What the exercise asks:
From the listing below, reproduce exactly the lines starting with the one with "Every Beatles fan" and going on through the one with "secluded forest area.", both ends kept. No picture is copied.

Data extracts:
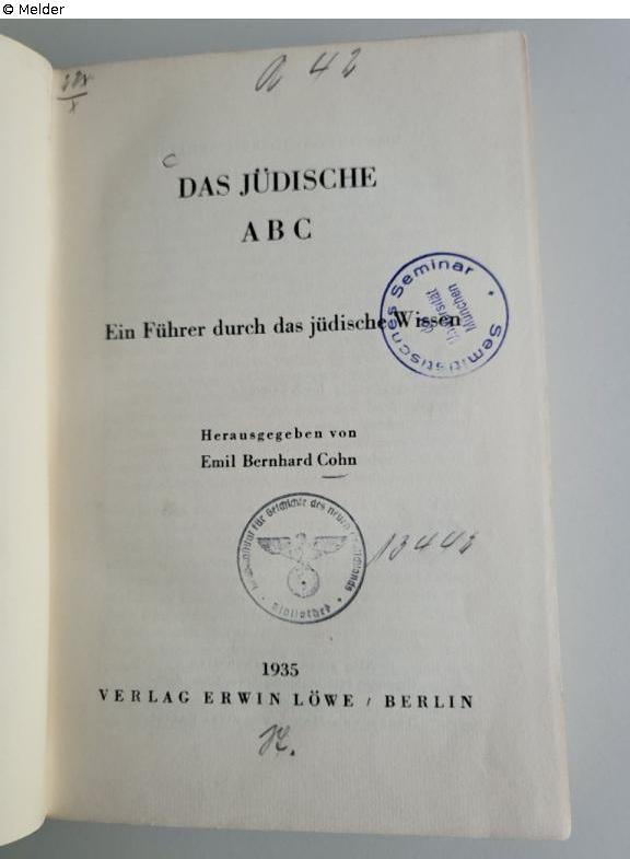 Fundmeldung | Einzelobjekt Das jüdische ABC. Ein Führer durch das jüdische Wissen Lost Art-ID632669 Vorherige Weiter Autor:in Cohn, Emil B. Verlag Löwe TitelDas jüdische ABC. Ein Führer durch das jüdische WissenErscheinungsortBerlin Erscheinungsdatum1935ObjektartBuchObjektgruppeBibliotheksgutSignatur1207/Ha 30Beschreibung Stempel „Reichsinstitut für Geschichte des neuen Deutschlands“ (A42/13442 ). Weiterlesen Weniger anzeigen Veröffentlicht seit28.10.2025 Kontakt Ludwig-Maximilians-Universität Institut für den Nahen und Mittleren Osten Bibliothek Veterinärstr. 1 80539 München Deutschland Tel0049-89-2180-3039Homepagehttps://www.naher-osten.uni-muenchen.de/institut/bibliothek/index.html Ansprechpartner:in Prof. Dr. Ronny VollandtPositionProfessor für JudaistikE-Mailronny.vollandt@lmu.de
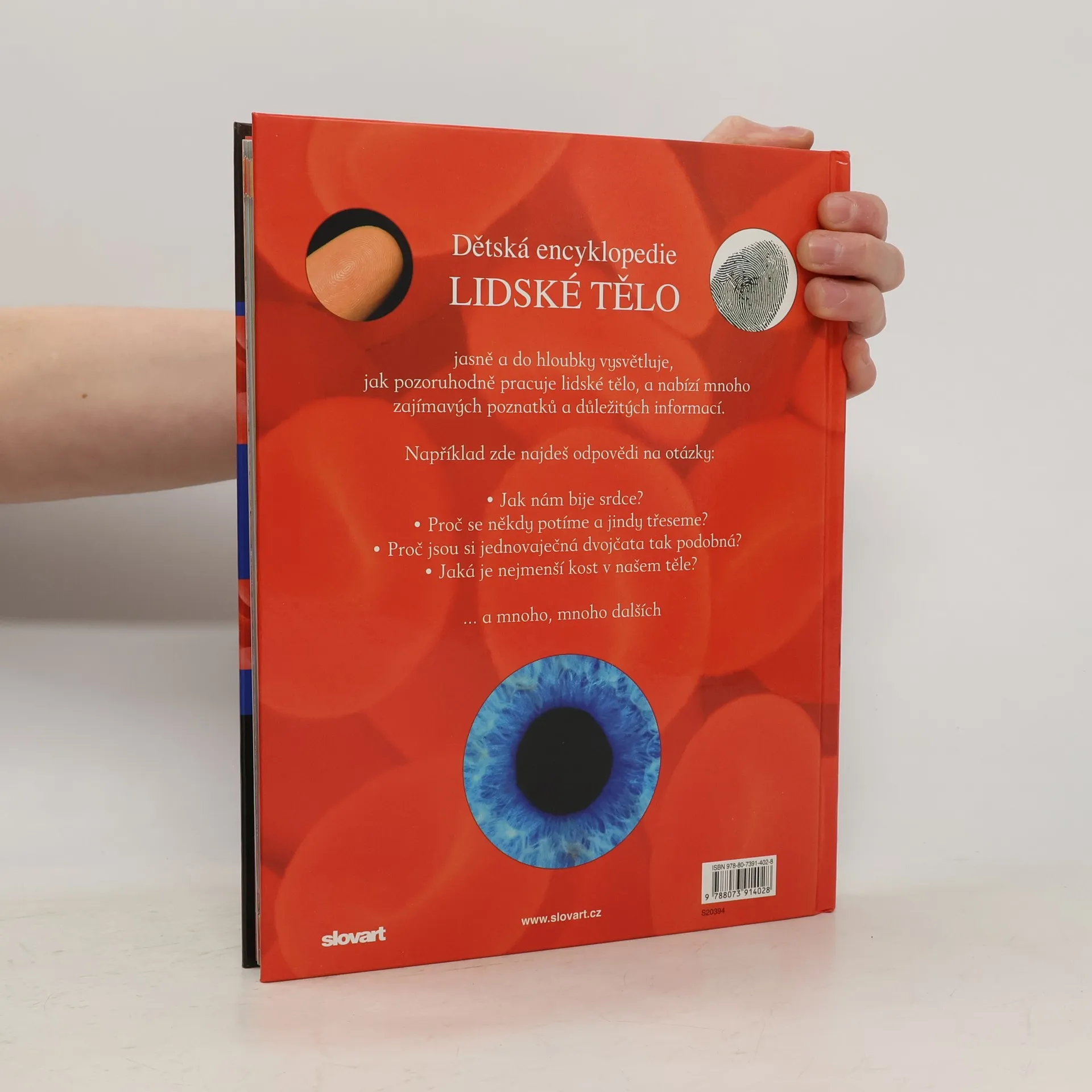 Bohatě ilustrovaná encyklopedie obsahuje skvělé fotografie a obrázky s přehlednými popisky, napsaná odborníkem a týmem poradců. Je rozdělená do osmi přehledných a obsahuje tato témata: Kůže, vlasy a nehty Srdce a krev Trávicí soustava Plíce a dýchání Kosti, klouby a svaly Mozek a nervy Rozmnožování Smysly Geny, dědičnost, DNA … a mnoho dalších.
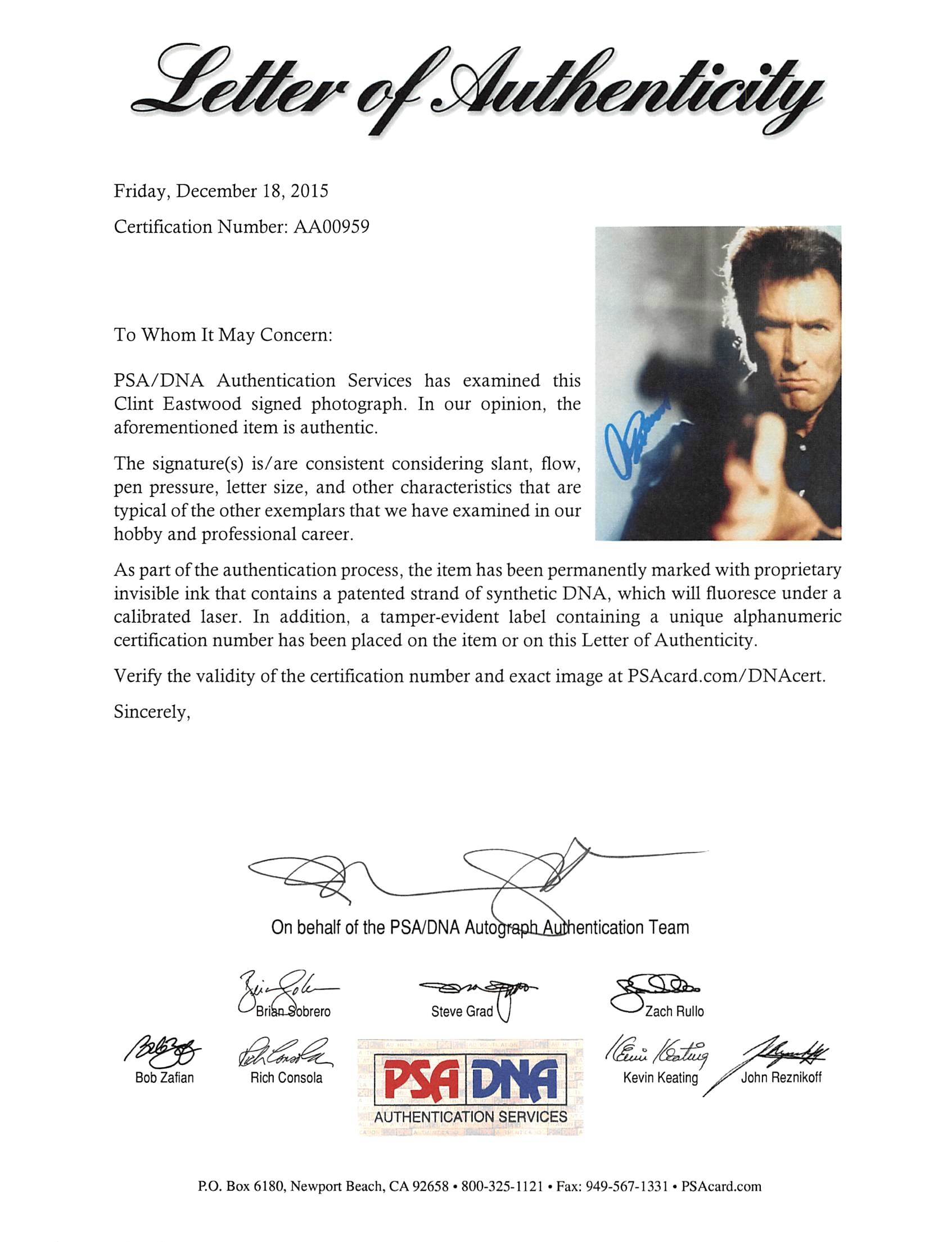 This Autographed 8x10 Photo has been Personally Signed by Clint Eastwood of Dirty Harry. This item is 100% Authentic and comes with a PSA/DNA Certification Card and a matching numbered Hologram. The authenticity can be verified on Professional Sports Authenticator website.
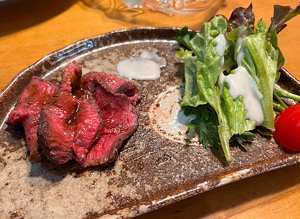 だって見てよぉ〜!今宵のアテはローストビーフだ!おぉ〜いい色してるじゃない。おぉ〜このなめらなかな舌触り、そして噛め度に肉の旨みがじわ〜っとくるんだよねぇ〜。ひと齧りしたら焼酎を煽る・・・もう〜エンドレスじゃん!
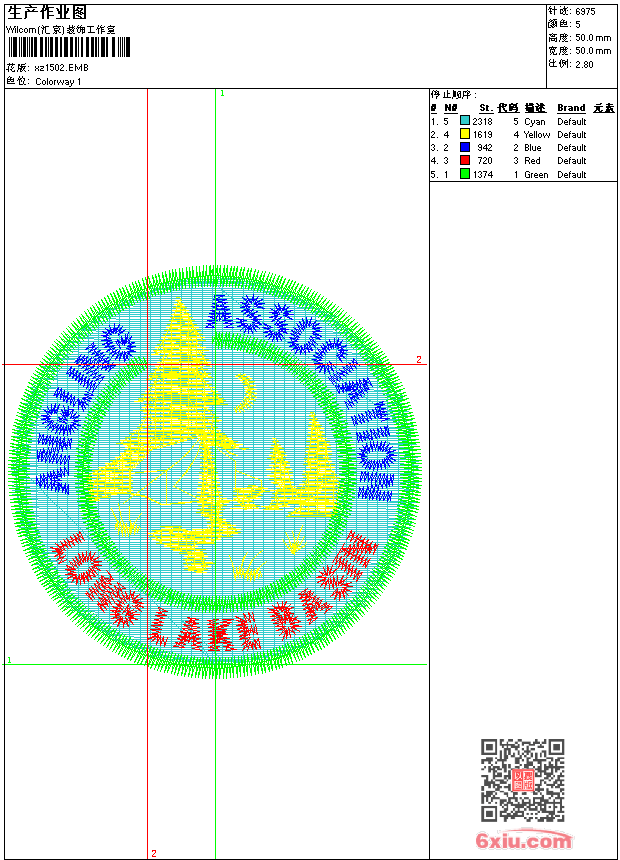 - emb花版参数: 大小:50.00 KB / 尺寸:50*50[毫米] / 针数:6975针 / 线色:5 / 格式:emb / 版本:9
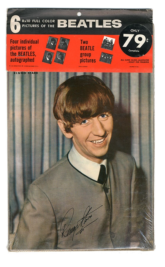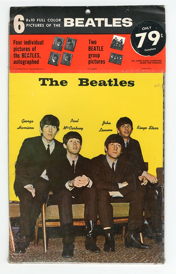 Every Beatles fan who comes across this item will take a trip back in time to the famed "British Invasion" of the 1960's. This 1964 product of Beatlemania is still sealed in its original envelope and in EX-MT condition. It contains six 8x10 full color pictures of "The Fab Four", including individual pictures of John, Paul, George and Ringo and two group photos.
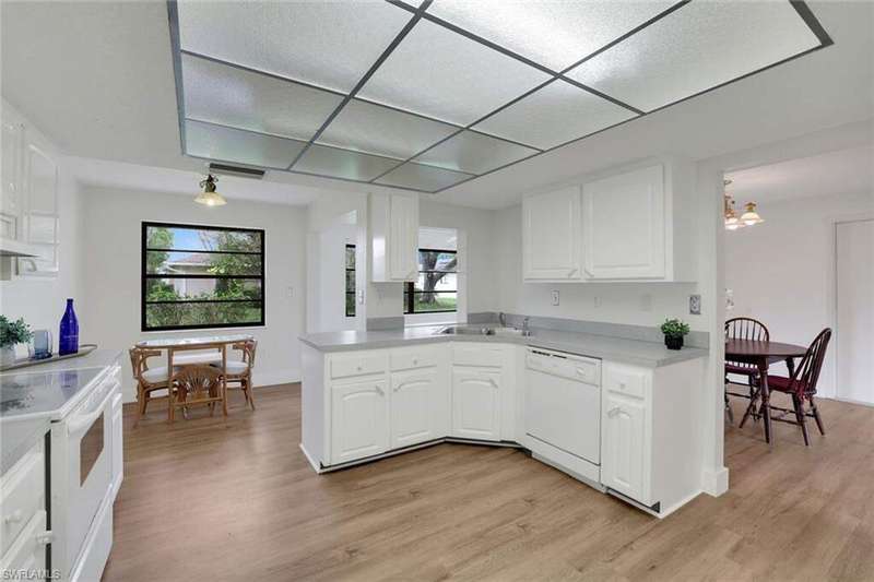 Live the Naples lifestyle in this charming & spacious single-family home just minutes from downtown Fifth Avenue and the beach. Offering two spacious bedrooms, two full baths, and a flexible bonus space perfect for a den or home office, this thoughtfully designed home combines comfort with versatility. Step inside to an inviting, open-concept layout accented by graceful arched walls and stylish, low-maintenance vinyl plank flooring throughout. The bright, cheerful kitchen features crisp white cabinetry, abundant counter space, and a generous pantry. Enjoy meals in the separate dining room or start your mornings in the cozy breakfast room overlooking the landscaped yard. The oversized driveway and attached two-car garage provide ample parking and storage - perfect for hosting guests or storing beach gear and bikes. All of this so close to the vibrant shops and restaurants of Fifth Avenue and Naples' pristine beaches. Whether you're seeking a year-round residence or a seasonal escape, this home is your perfect Florida retreat.
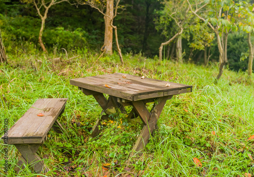 © aminkorea, Naklejka premium Old wooden table and bench set amidst dense greenery and trees in a secluded forest area.
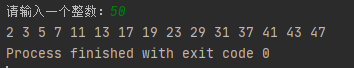 1 # 打印素数 2 3 """ 4 介绍: 5 素数是指在大于1的自然数中,除了1和它本身以外不再有其他因数的自然数。 6 因数是指整数a整除整数b(b≠0),那么b是a的因数。 7 例如:2, 3, 5, 7, 11, 13, ...... 8 9 知识点: 10 1、循环语句:for 11 2、条件语句:if 12 3、跳转语句:break 13 14 不足(待改善): 15 1、可以尝试用”数据类型转化”的方式把素数类型为字符类型,然后用字符串拼接的方式存入变量 16 2、可以尝试引入列表,把所有素数都存在列表中(xxx.append()) 17 3、这个程序是初始版本,可增加一些条件:防止输入输入负数。 18 4、可以完善本程序,可以增加一些文字提示,让可读性更好,例如:10以内的素数有......;输入有误请重新输入整数...等 19 """ 20 21 22 # 输入一个整数 23 num = int(input('请输入一个整数:')) 24 25 # 把2单独拿出来处理 26 if num >= 2: 27 print(2, end=' ') 28 29 # 判断是否为素数 30 for i in range(3, num+1): 31 for j in range(2, i): 32 if i % j == 0: 33 break 34 35 if i-1 == j: 36 print(i, end=' ') # 打印素数
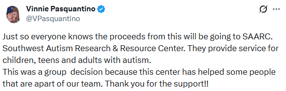 무엇보다 이번 경매가 더욱 주목받는 이유는 '의미'에 있다. 단순한 기념품 판매가 아닌 자선 목적이기 때문이다. 보도에 따르면 경매 수익금은 자폐 스펙트럼 장애를 지원하는 기관인 '사우스웨스트 자폐 연구 및 자원 센터(SARRC)'에 전액 기부될 예정이다.
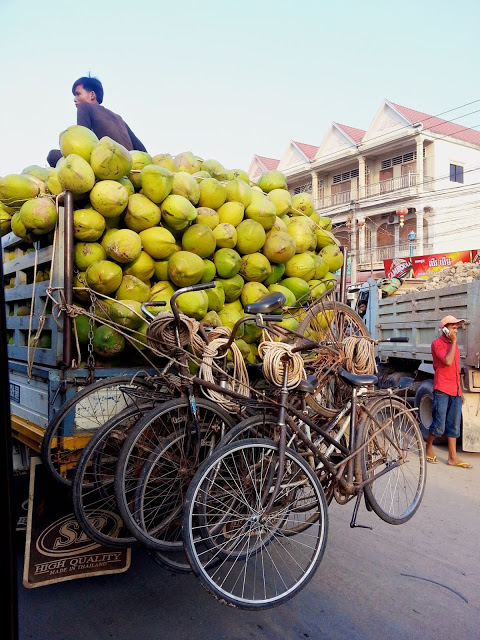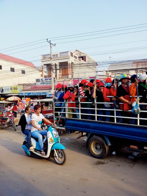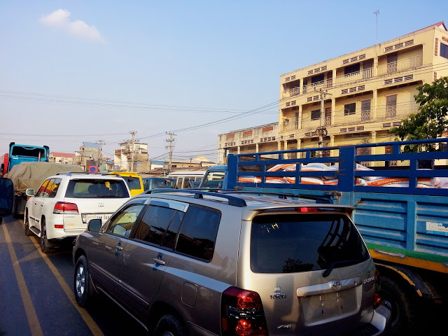 Gegen 12 Uhr bin ich zum Hotel zurückgekehrt, habe noch schnell bei einem benachbarten italienischen Restaurant einen Teller Pasta gegessen und mich dann zum Büro von Giant Ibis begeben, um den Bus zurück nach Phnom Penh zu nehmen. Es ging pünktlich los, ich hatte wieder einen guten Sitzplatz mit viel Beinfreiheit, das Wifi funktionierte ebenfalls gut und wir kamen gut voran. Allerdings nur, bis wir den Stadtrand von Phnom Penh erreichten. Von hier an war Stau. Es herrschte absolutes Chaos auf der Straße. Autos versuchten sich von links und rechts in den Verkehr auf der Hauptstraße einzufädeln oder diese zu queren – ohne Hilfe von Ampeln. Aus der eigentlich in jeder Richtung zweispurigen Straße wurde plötzlich eine Straße, auf der stadteinwärts auf vier Spuren gefahren wurde, sodass diejenigen, die stadtauswärts unterwegs waren, auf den unbefestigten Seitenstreifen ausweichen mussten. Abenteuerlich. Aber spannend.
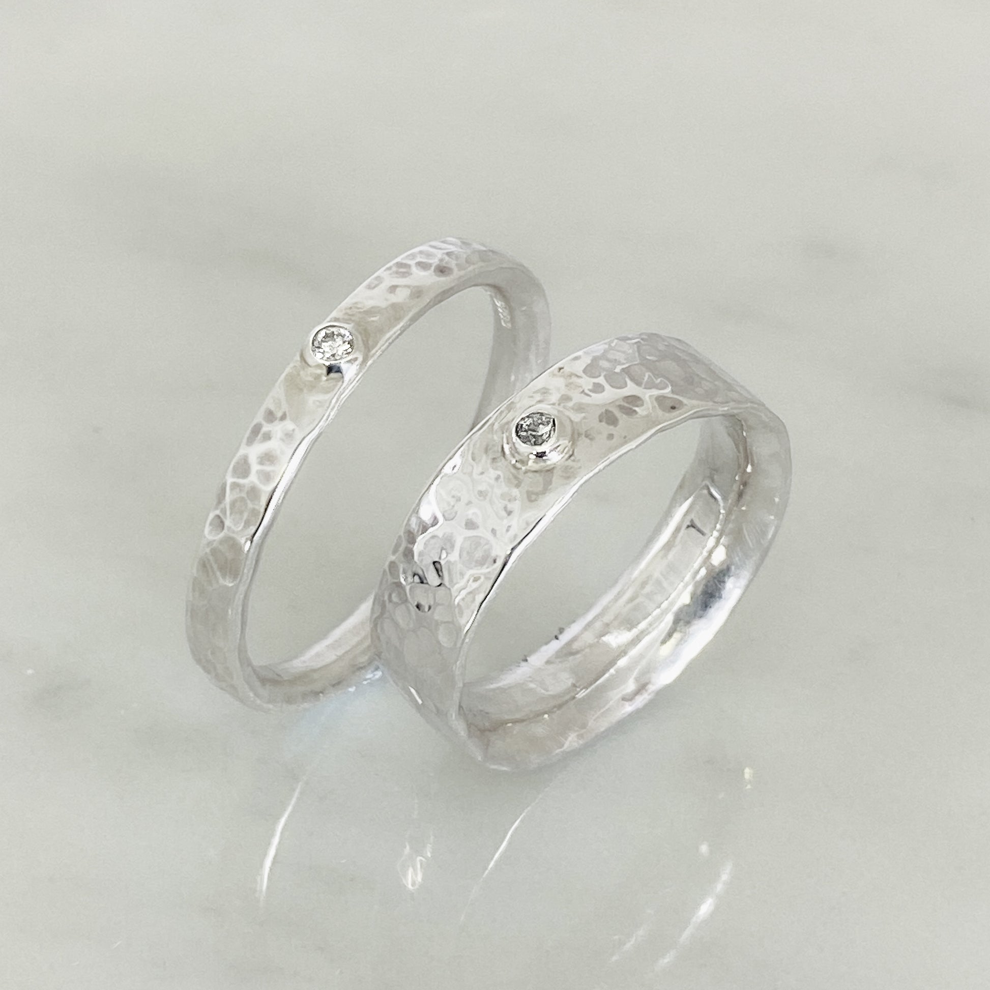 The ring has been given a high polish and the added surfaces from the texture provide additional sparkle, giving a beautiful twinkling band. A diamond is set within the band meaning it is entirely flat and smooth.
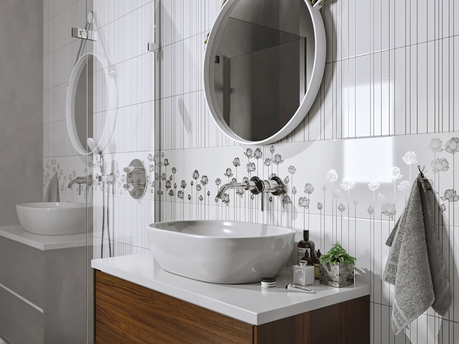 Коллекция "Айс", декор "Цветы" выполнена с нанесением материала с нанесением натуральной платины. Напоминает штрих-код. Отлично подходит для отделки ванной комнаты.
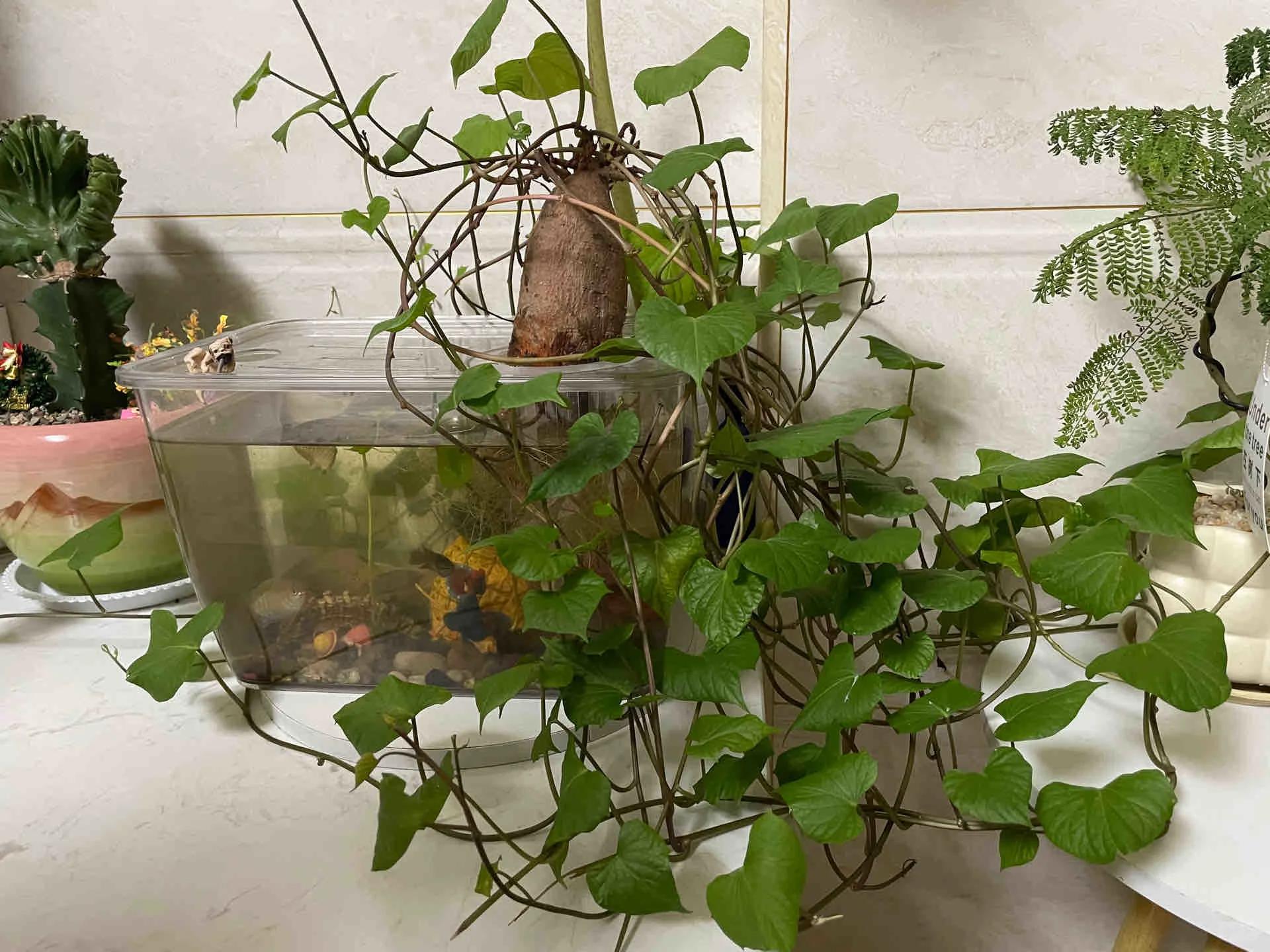 广东一女子,因把婆婆的红薯放鱼缸里养火了,枝繁叶茂,太治愈了

Written solution:
 Every Beatles fan who comes across this item will take a trip back in time to the famed "British Invasion" of the 1960's. This 1964 product of Beatlemania is still sealed in its original envelope and in EX-MT condition. It contains six 8x10 full color pictures of "The Fab Four", including individual pictures of John, Paul, George and Ringo and two group photos.
 Live the Naples lifestyle in this charming & spacious single-family home just minutes from downtown Fifth Avenue and the beach. Offering two spacious bedrooms, two full baths, and a flexible bonus space perfect for a den or home office, this thoughtfully designed home combines comfort with versatility. Step inside to an inviting, open-concept layout accented by graceful arched walls and stylish, low-maintenance vinyl plank flooring throughout. The bright, cheerful kitchen features crisp white cabinetry, abundant counter space, and a generous pantry. Enjoy meals in the separate dining room or start your mornings in the cozy breakfast room overlooking the landscaped yard. The oversized driveway and attached two-car garage provide ample parking and storage - perfect for hosting guests or storing beach gear and bikes. All of this so close to the vibrant shops and restaurants of Fifth Avenue and Naples' pristine beaches. Whether you're seeking a year-round residence or a seasonal escape, this home is your perfect Florida retreat.
 © aminkorea, Naklejka premium Old wooden table and bench set amidst dense greenery and trees in a secluded forest area.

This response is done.